America in my mind then, was brightness and optimism , a new hope and a new dream. It was moving Westward, and pioneering. It was clear and simple and beautiful
Kafka's 'Amerika' is complicated and mind- ridden. It is filled with paradoxes and absurdities, with strange cruel meetings .The atmosphere of nightmare and difficulty that pervades Kafka's work was felt by me then as in absolute contradiction to the American spirit.
Of the novels , 'The Castle ' 'The Trial' and this one I find this one the least satisfying, the most incoherent. It is very much a super- incomplete work. 'Incompleteness' is of course part of Kafka's legacy and gift .But here it seems often as if there simply has not been enough time given to the text.
I am in any case a reader of Kafka's diaries, parables, stories, shorter works more than I am of his novels which I find somehow tiresome.
This is to my mind the least satisfactory of all of Kafka's work.
And yet as Kafka reveals to us our own contradictions, paradoxes and fears in a way no one else can- this work too has its meaning and instruction.
Lost in AmerikaReview Date: 2007-03-27
After fathering a child in his teenage years, Karl Rossman is shipped to America to begin his life free of stigma.

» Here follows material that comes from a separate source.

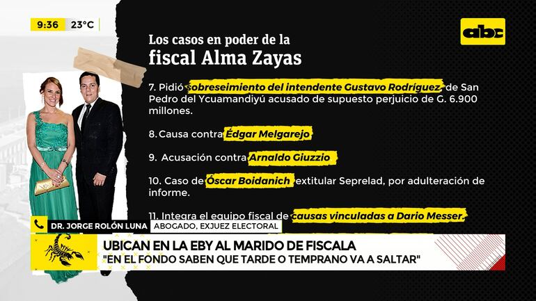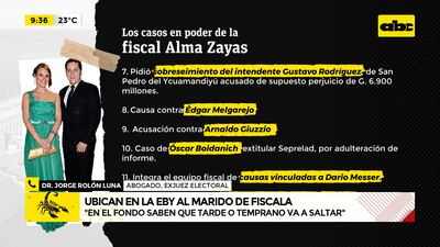 Este artículo tiene 2 años de antigüedad Ubican en la EBY a Adolfo Álvarez Ketterer, marido de fiscala que lleva casos vinculados a Cartes “Es grave que ocurra pero es más grave aún que funcionarias con estas causas se animen a hacerlo. En el fondo, saben que tarde o temprano, esto va a saltar y se va a saber”, abogado Jorge Rolón Luna.

But getting off of the ship that brings him to America becomes a challenge that leads him to a wealthy family member in America. However, Karl's life of luxury is short-lived. After offending his uncle, he is cast out on his own. Falling in allegiance with a pair of out of work tramps, Karl hopes to start anew. Delamarche and Robinson continually take advantage of Karl's resources until work finds Karl. These two men cost Karl his job of stature and try to force him into the servitude of the obese singer that employs Robinson and Delamarche. We never learn how Karl escaped this predicament, but find Karl in the last chapter finding an apparently great opportunity in Oklahoma.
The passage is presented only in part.